Simultaneously enhanced thermal conductivity and mechanical performance of carbon nanotube reinforced ZK61 matrix composite

Abstract

Alloying seriously deteriorates the thermal conductivity of magnesium (Mg) alloys, thus, restricts their applications in the fields of computer, communication, and consumer products. In order to improve the thermal conductivity of Mg alloys, adding carbon nanotube (CNT) combined with aging treatment is proposed in this work, i.e. fabricating the D-CNT (a kind of dispersed CNT) reinforced ZK61 matrix composite via powder metallurgy, and conducting aging treatment to the composite.
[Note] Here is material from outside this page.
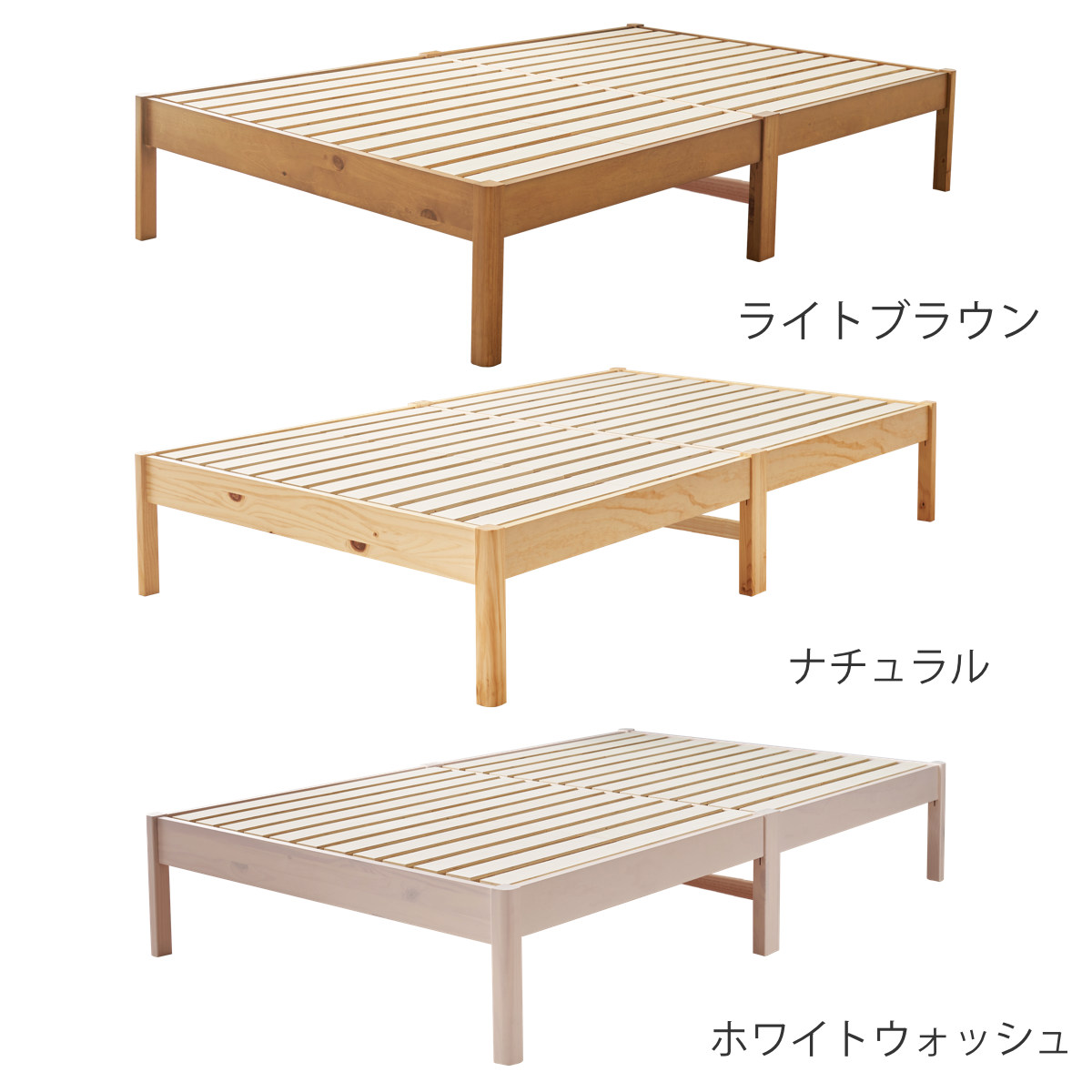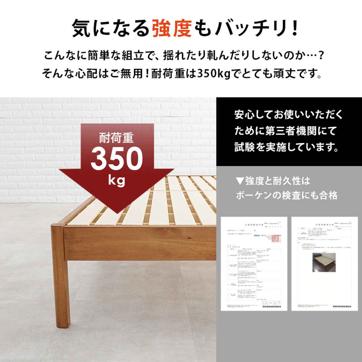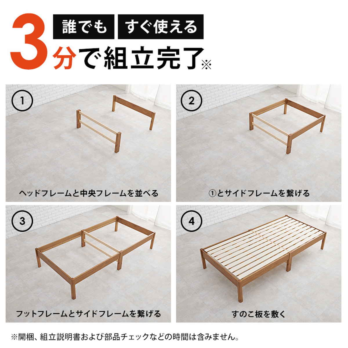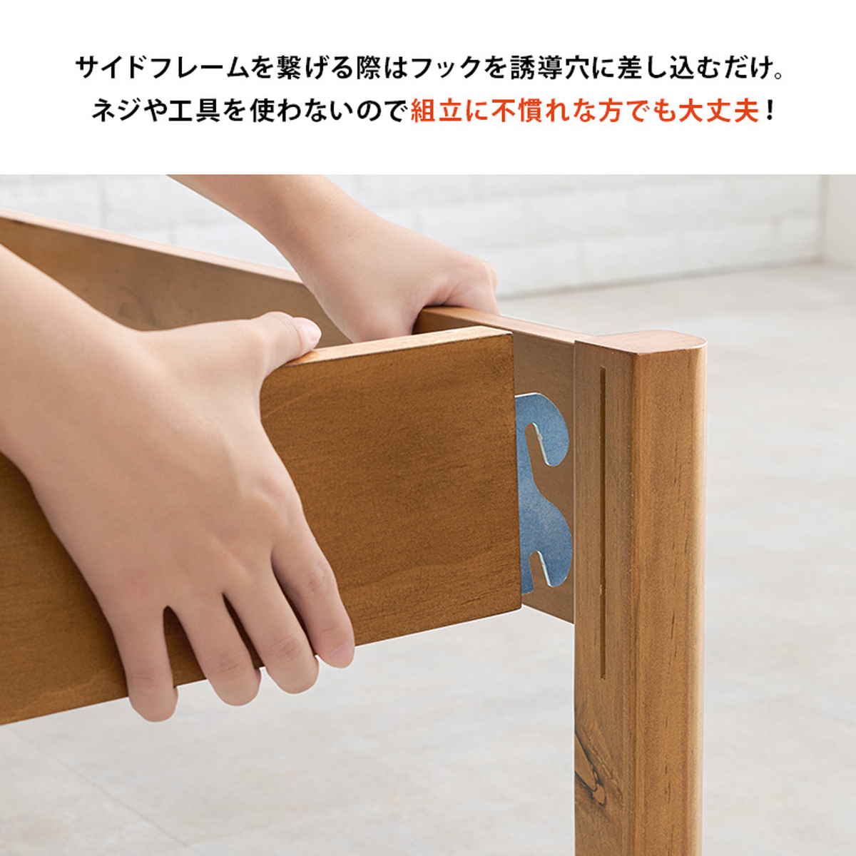ネジや工具が不要で、簡単に組み立てられるベッドフレームです。パーツを差し込むだけなので、組み立て家具が苦手な方でもたった3分で組み立てることができます。天然木の温もりを感じられる柔らかなパイン材を使用しており、美しい木目と経年による色の変化も楽しめます。
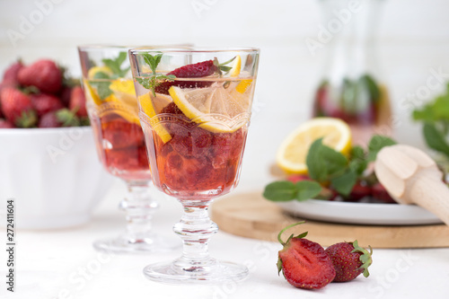 A glass of detox water. Strawberry, lemon and mint with cool clean water.

Results indicate the as-aged ZK61/0.6 wt.% D-CNT composite achieved an excellent thermal conductivity of 166 W/(mK), exhibiting 52.3% enhancement in comparison with matrix, as well as tensile yield strength of 321 MPa, ultimate tensile strength of 354 of MPa, and elongation of 14%. The simultaneously enhanced thermal conductivity and mechanical performance are mainly attributed to: (1) the embedded interface of the D-CNT with matrix and (2) the coherent interface of precipitates with matrix. It is expected the current work can provide a clue for devising Mg matrix composites with integrated structural and functional performances, and enlarge the current restricted applications of Mg alloys.